Чтобы заклеить верхние стекла балкона, пришлось стремянку вынести наружу. Отсюда, с балкона шестого этажа, далеко и хорошо видно. Вот напротив завод. Там работал Сережа, оттуда ушел на фронт. Думал, еще простимся, — не вышло. Может быть, и навсегда простились, но нельзя об этом думать, нельзя.
За последние дни вид с балкона изменился. Между домами и заводом построили целую фальшивую деревню: маленькие домики вроде курятников, свежие, светло-фанерные, с красными веселыми крышами. Управдом Иван Егорович лично руководил строительством, важно говорил: «Объект». Говорят, деревня нужна для маскировки. Неужели поможет? Сомнительно. Вот и поперек зеленой крыши проложили широкую, песочно-желтую полосу. Будто бы поле и дорога. Кого может обмануть такая маскировка? Отсюда с балкона все это отлично видно, смешно и ярко, словно сверкает. А сам-то дом на что похож новый, красивый дом с огромными окнами? Его раскрасили, размалевали, как клоуна. На стенах изобразили целый поселок: домики, сараи, между ними деревья. Одно дерево — громадное, поваленное — тянется сразу через десять окон. Жильцам велено даже кресты на окнах делать в цвет раскраске — чтобы не демаскировать. От разноцветных крестов, фальшивой деревни, шутовски размалеванного дома — хочешь не хочешь — возникает впечатление какой-то балаганной, несерьезной праздничности. Маскарад. А тут еще взбесившиеся ласточки так и ликуют, с визгом пронзая воздух.
Лиза клеила стекла и думала: «Последний день в Москве. Последний день дома. Где-то будет мой дом? И будет ли он у меня, дом? Завтра эшелон. Эвакуация женщин с детьми. Кто я такая? Женщина с детьми. Больше никто».
Сколько лет уже не работала! Там, на Урале, придется. Ох, далеко Урал! Далеко и страшно. Никогда не была восточное Волги.
Волга... Вода теплая, ласковая, бакены стоят, покачиваются... Будет ли у нее еще такая Волга? Нет, не будет, да сейчас это и неважно, были бы все живы, только были бы все живы.
Да, работать придется там, на Урале. Трудно будет, отвыкла. А дети? Как с детьми будет? Подумать страшно. А тут еще эти тревоги, так и покатится сердце, словно с горы. Одна, совсем одна. Детям хорошо — они не понимают.
А детям и правда было хорошо. Старшая, Оля, была рада, что из-за воздушных тревог ее не заставляют рано ложиться спать и можно читать сколько угодно — хоть до утра.
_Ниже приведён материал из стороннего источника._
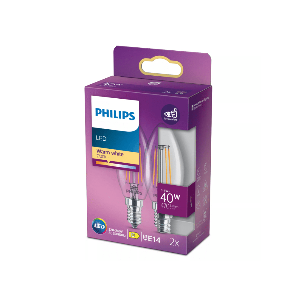 - Product: Philips Led Classic 40w B35 E14 Warm Wit Clear Niet Dimbaar 2-Pack

Раньше ей редко-редко это позволяли. У них с мамой это называлось «свобода воли». Теперь — полная свобода воли. Это хорошо. Слово «война» для нее еще ничего не значило. Она знала песенку «Если завтра война» и была совершенно спокойна.
Второй — Коля, по прозванию Колюней, тоже был доволен. Еще бы! Мама укладывает вещи, дома все перерыто, и откуда-то возникают необыкновенные игрушки. Это как день рождения. Месяца три назад — ужасно давно в куцей памяти Колюнея! — у него был день рождения, ему исполнилось два года, и все принесли ему подарки. Было ужасно хорошо, только немножко плохо, потому что от радости он не удержался. Никто его не бранил, только одна чужая тетя сказала: «Ай-яй-яй, а еще большой». Но Колюнею все-таки стыдно было вспомнить, и при мысли об этом он топал ножками.
Теперь тоже было много игрушек, но он был большой и удерживался. Это были даже не игрушки, а настоящие взрослые вещи, но ими можно было играть. Он вытаскивал из кучи какую-нибудь вещь и спрашивал: «Мама, это тоже мне?» И она говорила: «Тебе, деточка». Он так упоенно играл, что даже ел невнимательно, а поесть любил.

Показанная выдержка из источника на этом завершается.